As a nonprofit organized under section 501(c)(4) of the tax code, Citizens for Sanity is not required to disclose its donors, which is why groups like it are commonly referred to as dark money groups when they engage in political activity. As CREW has previously noted, one reason that dark money groups may seek to exploit loopholes in electioneering communications rules is because by not reporting the money to the FEC, it’s easier for the groups, who cannot have politics as their primary activity, to avoid scrutiny if they don’t report the expenditures as election-oriented on their tax returns. The IRS’s standards for defining political campaign intervention are broader than the FEC’s in such a way that many electioneering communications could be expected to be considered political activity by the agency. Indeed, a federal judge underscored the political nature of electioneering communications in 2016 by ruling that at a minimum, “many or even most electioneering communications indicate a campaign-related purpose.”

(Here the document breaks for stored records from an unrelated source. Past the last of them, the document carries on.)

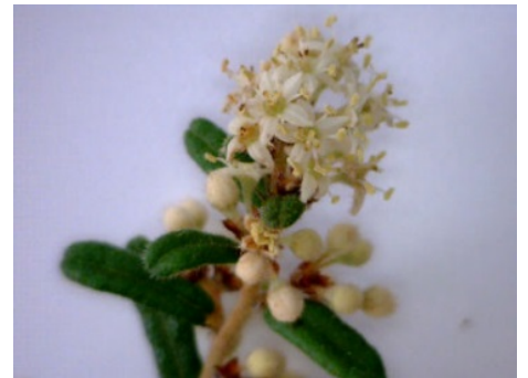
Flowers in leafy panicle – P. pauciflora
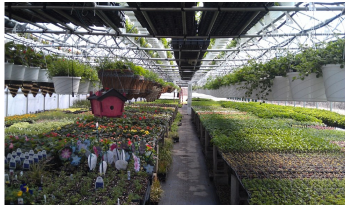
Image: a greenhouse hoping to move some baskets for Mother's Day so that the rest of the plants have enough light and space. Remember that some flower can harbor vegetable diseases (petunias to tomatoes, for example) so stacking plants is a disease liability.

Greenhouses are absolutely packed, and growers know they need to move some plants for the health of their entire houses. The warm weather and Mother's Day should help bring plant densities back down to a reasonable level.
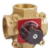
4-way mixing valve
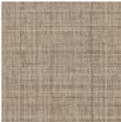
AZ53722 SAND DUNE
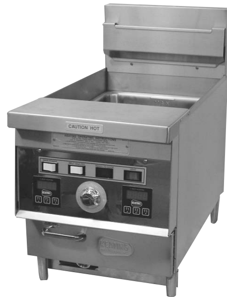
One pair 4 mesh baskets included
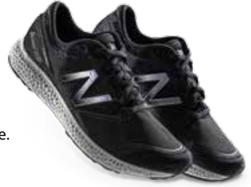
Production running shoe with midsole printed in DuraForm TPU Elastomer

* Availability varies by printer model (see details on the last page).
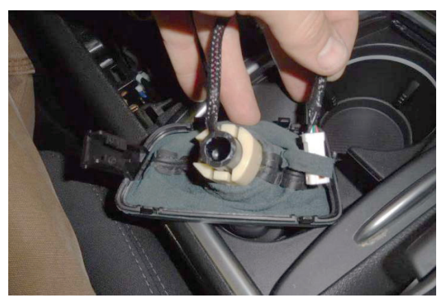
7. Detach shift handle wire harness from mount on shift boot then pull it through boot loop.
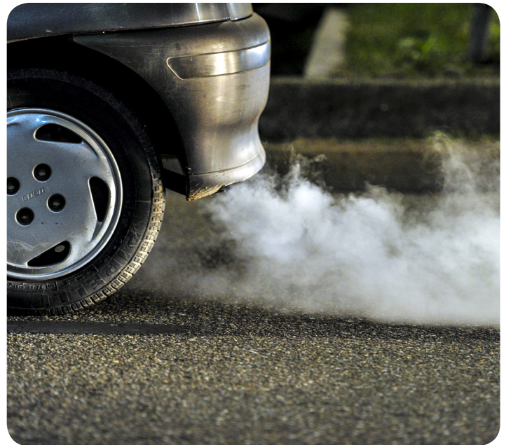
Boies plans to conduct research on advanced technologies that can be used to reduce emissions.

To read an expanded version of this Q&A, visit the CTS Conversations blog at blog.cts.umn.edu .
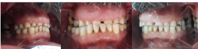
Figure 12. Intraoral view before treatment

A 62-year-old male patient applied to the prosthodontic clinics with complaints of poor aesthetics of anterior teeth. The patient had an apparent worn upper anterior teeth with missing teeth (16,26,36,47) (Figure 12). The plaque accumulation has been examined. The patient did not have any dysfunction in the TMJ evaluation. For the rehabilitation of worn anterior teeth and rehabilitation of posterior missing teeth, upper full mouth restoration (11,12,13,14,15,16,21,22,23,24,25,26,27) and fixed partial bridge restorations for lower missing teeth were planned (45-46-47, 35,36,37). The patient was informed about the potential restorative treatment option and all the advantages, disadvantages and possible risks of treatment have been explained.
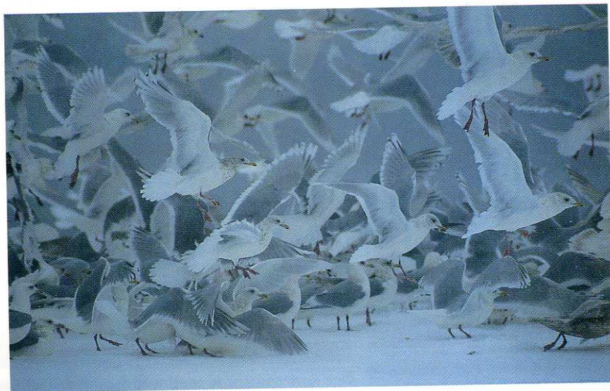
Photo 1. A flock of Kumlien's Gulls at St. John's.
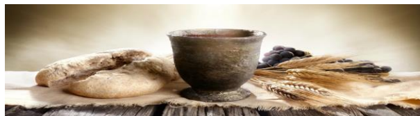
Communion Sunday September 1st

Of course, either organization would accept monetary donations as well.
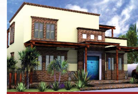
Casa Todos Santos - Real de Santa Ana
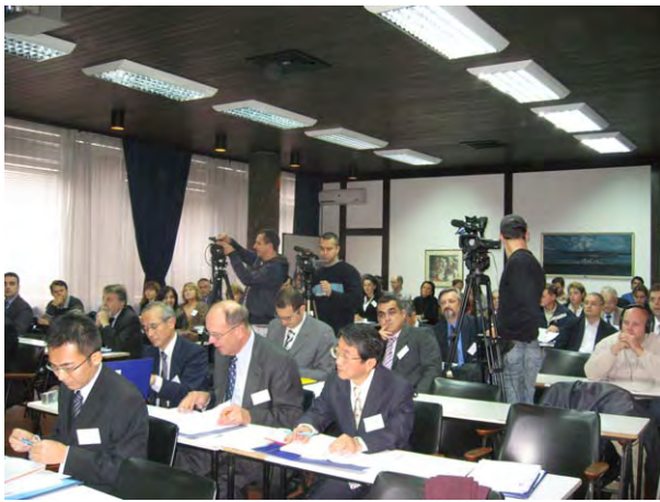
The Interim Workshop was held in Belgrade on October 19, 2007, which captured the interest of Serbian people and media.
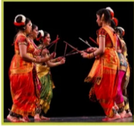
Kollattam from Tamil Nadu

Electioneering communications were first defined in 2002 – years before YouTube, Facebook, or Twitter even existed – and the definition has not been updated since to account for the growth of social media and Internet streaming. The digital loophole now represents a huge hole in the FEC’s disclosure requirements as spending on digital political ads has exploded in recent years, totalling $1.6 billion in the 2020 cycle. The fact that if the same exact paid ad ran during both the broadcast of a TV show and a stream of it on a service like Hulu only the former would trigger reporting underscores how out of sync the current law is with how modern political communications operate.
There are efforts to close the digital electioneering communications loophole but they have thus far been stymied. The bipartisan Honest Ads Act would expand the law to include paid Internet or digital communications and was incorporated into the Freedom to Vote Act, but the latter legislation, which also expanded voting rights, was blocked earlier this year by a Republican filibuster. Until some reform is successful, groups like Citizens for Sanity will continue to be able to spend large sums on political ads while exploiting loopholes to avoid disclosure.